**Exercise data:**
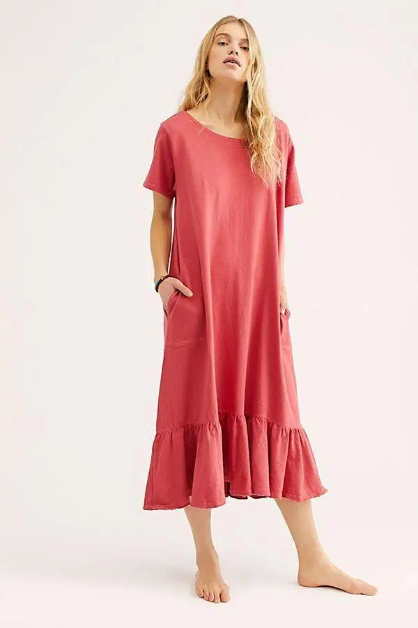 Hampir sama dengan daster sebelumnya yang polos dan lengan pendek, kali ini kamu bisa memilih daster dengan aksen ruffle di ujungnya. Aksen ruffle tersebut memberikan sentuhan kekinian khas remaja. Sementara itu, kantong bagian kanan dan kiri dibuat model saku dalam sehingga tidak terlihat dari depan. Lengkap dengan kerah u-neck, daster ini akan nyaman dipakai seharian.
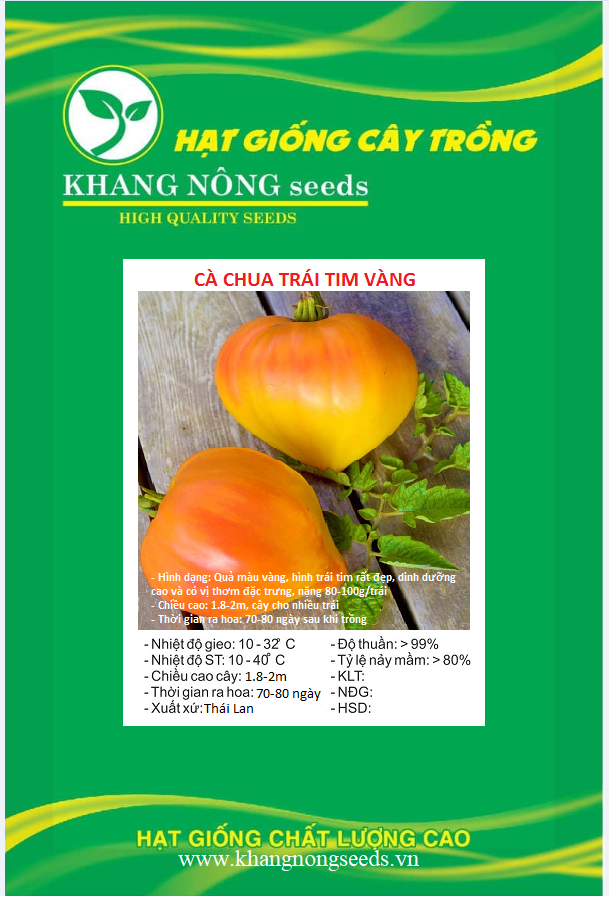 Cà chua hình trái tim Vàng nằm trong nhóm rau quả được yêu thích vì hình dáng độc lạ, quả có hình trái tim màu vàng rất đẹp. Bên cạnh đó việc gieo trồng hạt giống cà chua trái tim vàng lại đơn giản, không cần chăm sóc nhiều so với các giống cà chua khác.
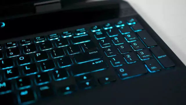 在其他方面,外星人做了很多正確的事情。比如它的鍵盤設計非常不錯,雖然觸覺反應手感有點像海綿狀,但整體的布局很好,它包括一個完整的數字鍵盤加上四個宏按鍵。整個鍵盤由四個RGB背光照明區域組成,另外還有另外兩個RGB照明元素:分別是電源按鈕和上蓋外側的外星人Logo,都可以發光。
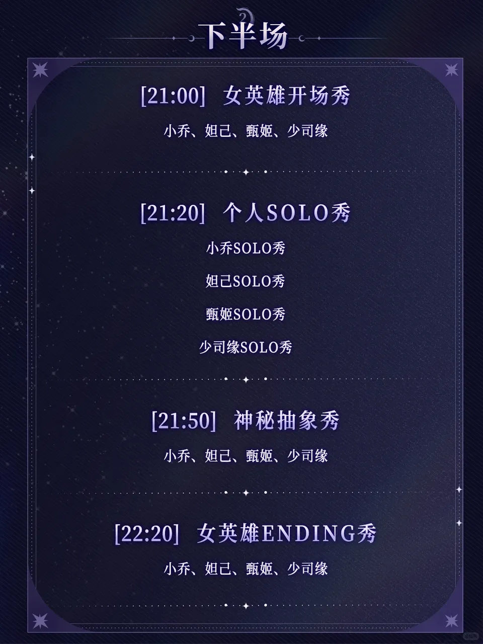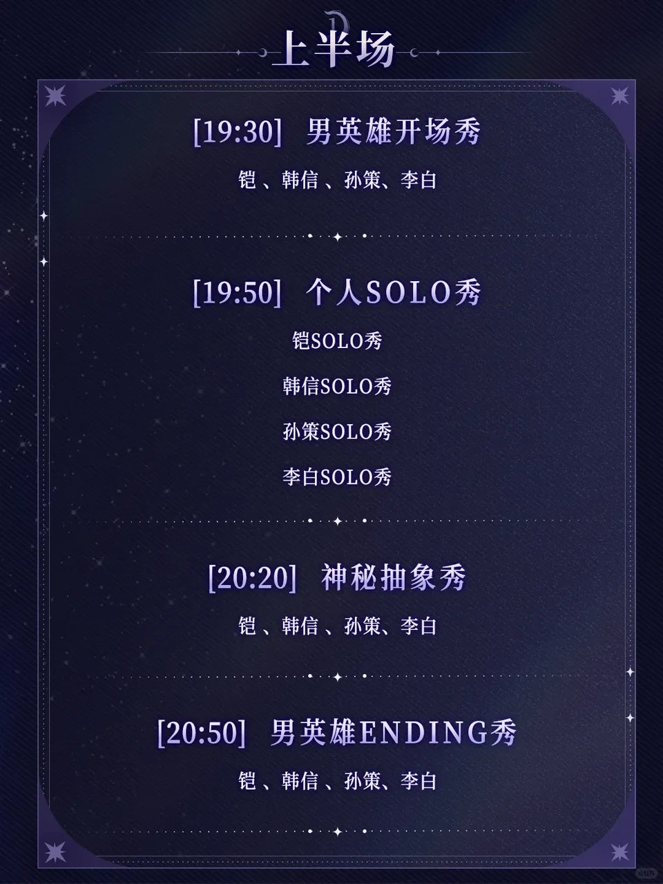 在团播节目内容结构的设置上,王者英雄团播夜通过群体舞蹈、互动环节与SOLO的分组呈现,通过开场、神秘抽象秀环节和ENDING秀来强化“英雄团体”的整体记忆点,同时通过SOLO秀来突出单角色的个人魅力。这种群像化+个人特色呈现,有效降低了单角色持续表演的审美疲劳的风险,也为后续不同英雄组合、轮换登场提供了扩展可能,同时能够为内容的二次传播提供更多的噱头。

**What to produce:** Retyping is limited to the line with "在其他方面,外星人做了很多正" and the lines after it in the material above; give them exactly and leave out the pictures.

**Response area:**
 在其他方面,外星人做了很多正確的事情。比如它的鍵盤設計非常不錯,雖然觸覺反應手感有點像海綿狀,但整體的布局很好,它包括一個完整的數字鍵盤加上四個宏按鍵。整個鍵盤由四個RGB背光照明區域組成,另外還有另外兩個RGB照明元素:分別是電源按鈕和上蓋外側的外星人Logo,都可以發光。
 在团播节目内容结构的设置上,王者英雄团播夜通过群体舞蹈、互动环节与SOLO的分组呈现,通过开场、神秘抽象秀环节和ENDING秀来强化“英雄团体”的整体记忆点,同时通过SOLO秀来突出单角色的个人魅力。这种群像化+个人特色呈现,有效降低了单角色持续表演的审美疲劳的风险,也为后续不同英雄组合、轮换登场提供了扩展可能,同时能够为内容的二次传播提供更多的噱头。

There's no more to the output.